To jednak nie był jedyny pech Stalowców w tej potyczce. Podbeskidzie w pierwszej połowie nie pokazało praktycznie nic, co potwierdził nawet jeden z graczy z Bielska-Białej. - W pierwszej połowie nie mieliśmy zbyt wielu sytuacji - tłumaczył Krzysztof Zaremba. Jednak z tych niewielu akcji jedną udało się wykorzystać. W 30. minucie po akcji Mariusza Sachy bramkę strzałem z bliskiej odległości zdobył Martin Matus. W tej sytuacji niezbyt dobrze zachował się bramkarz Stali, Tomasz Wietecha, który odbił przed siebie strzał Sachy, a z tego prezentu skorzystał właśnie Matus.

Na domiar złego w 83. minucie po raz drugi, tym razem dużo poważniejszy błąd popełnił Wietecha.
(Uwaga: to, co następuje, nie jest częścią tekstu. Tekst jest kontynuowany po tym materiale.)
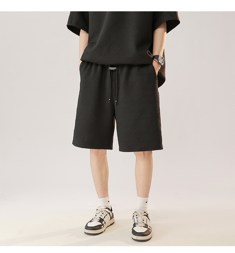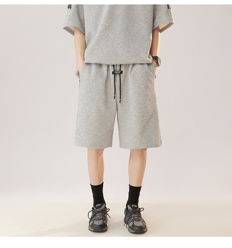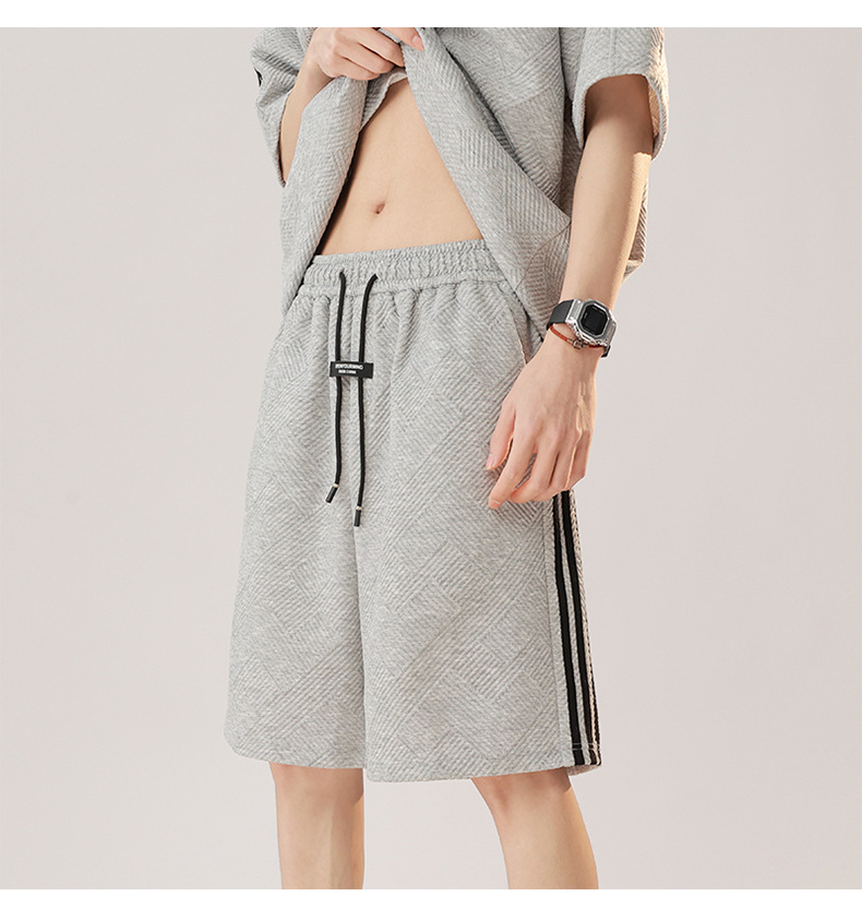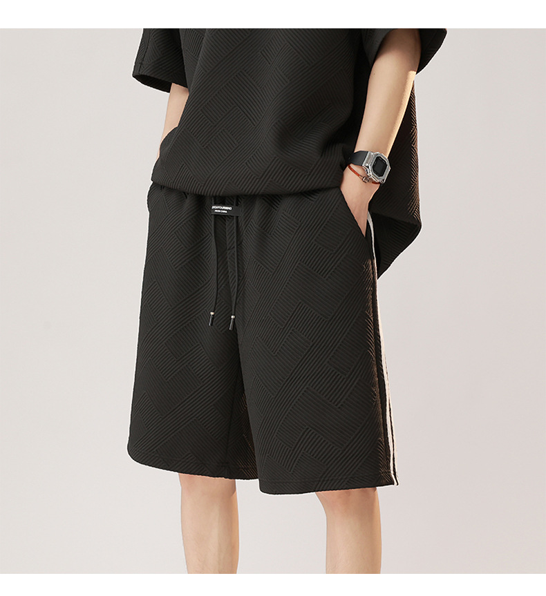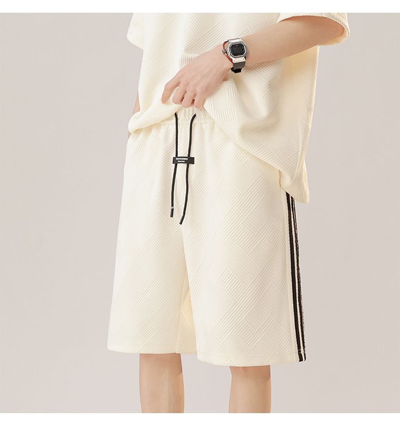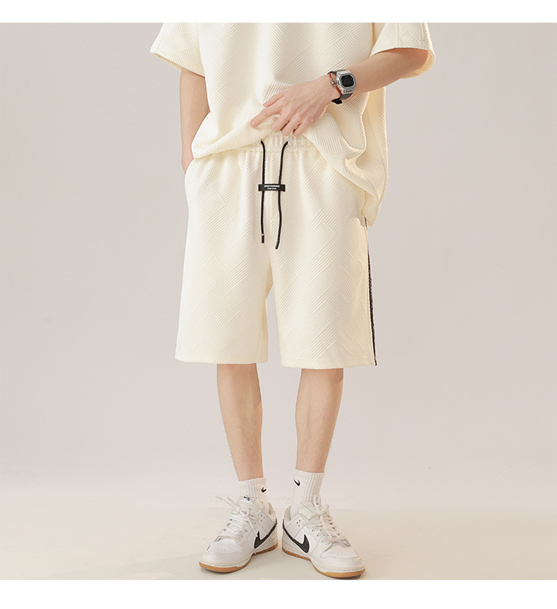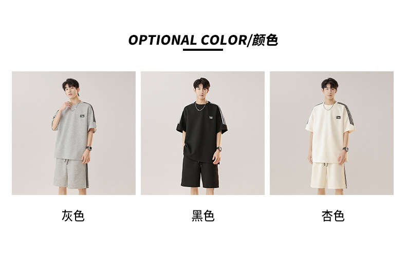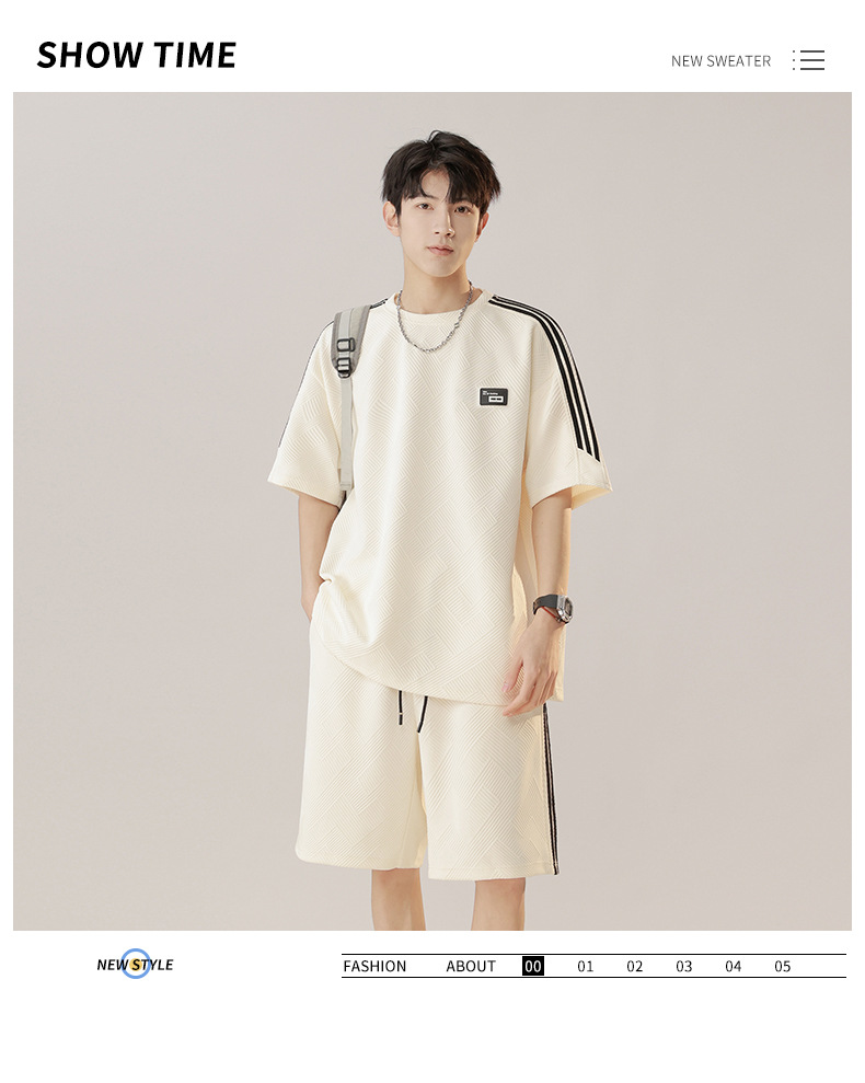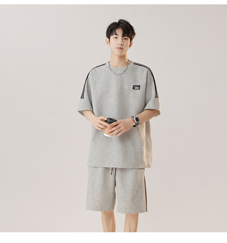 条纹拼接短袖套装男夏季潮牌美式青少年宽松运动短裤纹理感两件套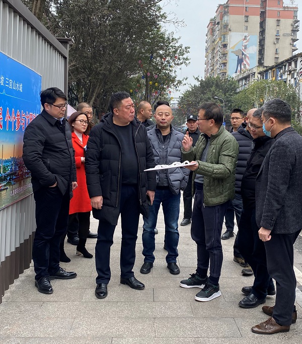 12月16日下午,重庆市九龙坡区委常委罗林泉一行到公司涂鸦街项目部施工现场进行调研。四川美术学院、区住房城乡建委、区城市管理局、黄桷坪街道办事处、九龙半岛开发建设公司和公司涂鸦街项目部相关人员陪同。

Na uderzenie z dystansu zdecydował się Łukasz Matusiak. Fatalnie interweniował golkiper Stali, który przepuścił futbolówkę pod ciałem. - Wydaje mi się, że to błąd bramkarza Stali - dodał Zaremba. Szkoleniowiec Stali, Władysław Łach na konferencji prasowej stwierdził, że piłka na fatalnej murawie mogła skozłować przed golkiperem z Podkarpacia. Wietechę bronili koledzy z zespołu. - Nie możemy winić Tomka za tego gola. Z Kmitą dzięki niemu zremisowaliśmy. Każdemu zdarza się gorszy dzień - powiedział Kamil Karcz.